= Big Blue Bug =

Giant termite statue in Rhode Island

The statue in 2008

The Big Blue Bug, also known as Nibbles Woodaway, is the giant termite mascot of Big Blue Bug Solutions located along I-95 in Providence, Rhode Island. It is claimed to be the world's largest artificial bug at 928 times the size (by length) of an actual termite, standing 9 ft tall and 58 ft long and weighing 4,000 lb. It was constructed over a four-day period from wire mesh and fiberglass in late 1980 at a cost of US$20,000.

==History==
The Big Blue Bug was built by Avenia Sign Company of North Providence. Anthony Pescarino, Tom Grenga, and Ronald Levesque assembled the sign over the course of a couple of months. Pescarino said: "We had to put the wings together and brought them to Delaine Street to have them coated in fiberglass."

The Bug was fiberglassed by Robert Garafano, Sr. of Olneyville; at Uptown Auto Body on Delaine st. It was assembled on site and then raised to the roof. The Bug was originally painted purple, the color of an actual swarming termite when observed under a microscope, but the paint soon faded to a pale blue, and the landmark became so well known in that condition that it was never repainted to its original color.

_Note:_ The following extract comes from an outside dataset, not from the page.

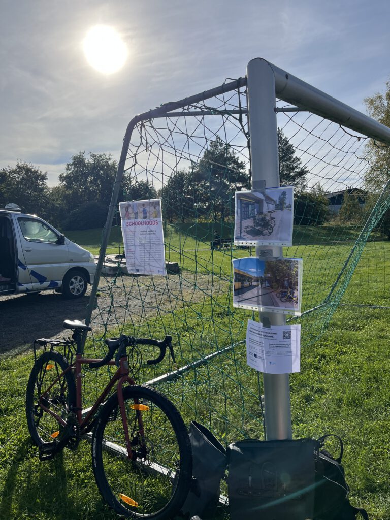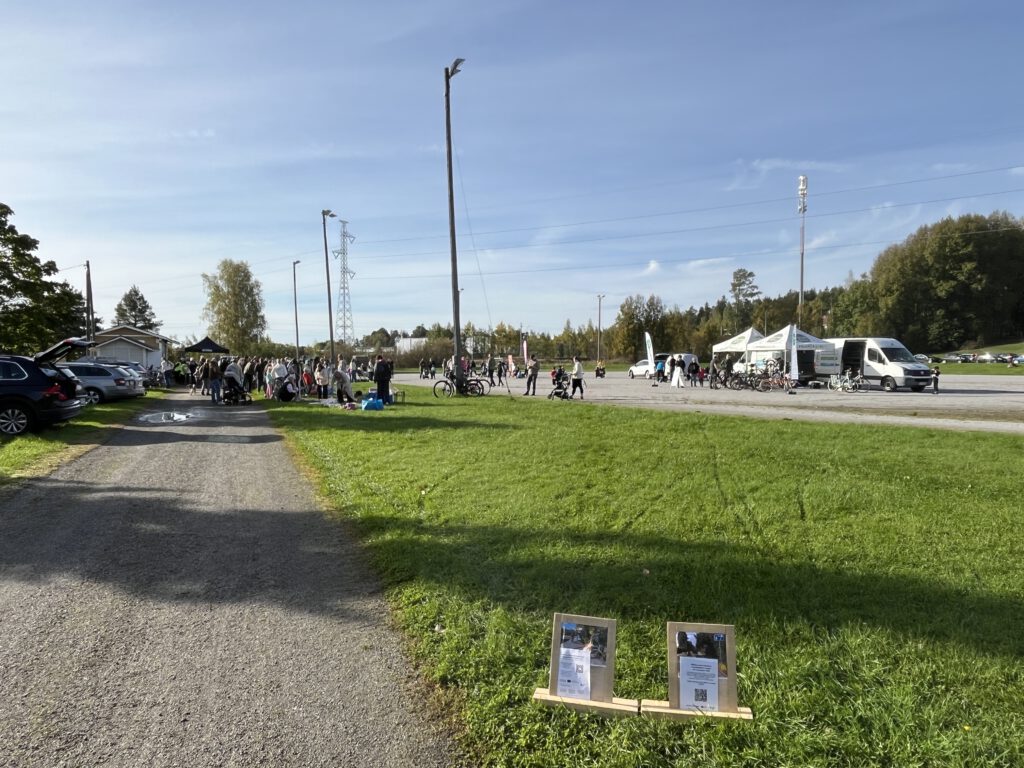 On the Pääskyvuori Day, the City of Turku shared a questionnaire on the mobility hub and had conversations with the inhabitants of the area. The event area had posters explaining the project and flyers equipped with a QR code for a questionnaire. A similar approach was taken for both SUMPs for BSR and Schoolhoods projects. The possibility of discussing the pilots of the area and answering the questionnaires was promoted throughout the event by the organisers through announcements, and flyers were offered to people.

The Bug was originally known only as the "Big Blue Bug", a name coined by Providence traffic reporter Mike Sheridan, until 1990, when it received the name "Nibbles Woodaway" in a contest. Geraldine Perry of Tiverton submitted the winning name.

==Recent events==
The Bug is annually "dressed" for Independence Day, Halloween, the season opener of the Pawtucket Red Sox baseball team (before the team relocated to Worcester, MA in 2021), and Christmas (in lights, reindeer antlers, and a blinking red nose). Since 1990, the company has sold stuffed toys in the Bug's likeness.

On June 20, 2002, the Bug left its home for a five-stop tour. It was refurbished and painted a brighter blue before being returned to the roof of New England Pest Control.

On April 9, 2012, New England Pest Control announced that they would be changing the company's name to "Big Blue Bug Solutions". The bug wore a necktie for the occasion.

In April 2020, in support of the "front line workers" facing COVID-19, the Big Blue Bug put on a surgical mask.

Big Blue Bug Statistics
| Species | Subterranean Termite (Reticulitermes flavipes) |
| Height | 9 feet (2.7 m) |
| Length | 58 feet (18 m) |
| Diameter | 6 feet (1.8 m) |
| Body Length | 32 feet (9.8 m) |
| Four Wings | 40 feet (12 m), folded over in pairs |
| Antennae | 7 feet (2.1 m) |
| Legs | 11 feet (3.4 m) |
| Weight | 4,000 pounds (1,800 kg) |
| Stands | 30 feet (9.1 m) above ground |

== In popular culture ==
The bug has made numerous media appearances, including:

Films:

- Dumb and Dumber
- Dumb and Dumber To

Television:

- The Today Show
- The Oprah Winfrey Show
- The Daily Show
- Family Guy

Comic strips:

- Zippy the Pinhead
- Breaking Cat News by Georgia Dunn has the lighting of the Big Blue Bug as a subject of several strips.
- Bosquet

Books

- Providence by Geoffrey Wolff
- Roadside America by Mike Wilkins, Ken Smith, and Doug Kirby
- Weird New England by Joseph Citro.

Other:

- It was featured on a state scratch-off lottery ticket in 1997.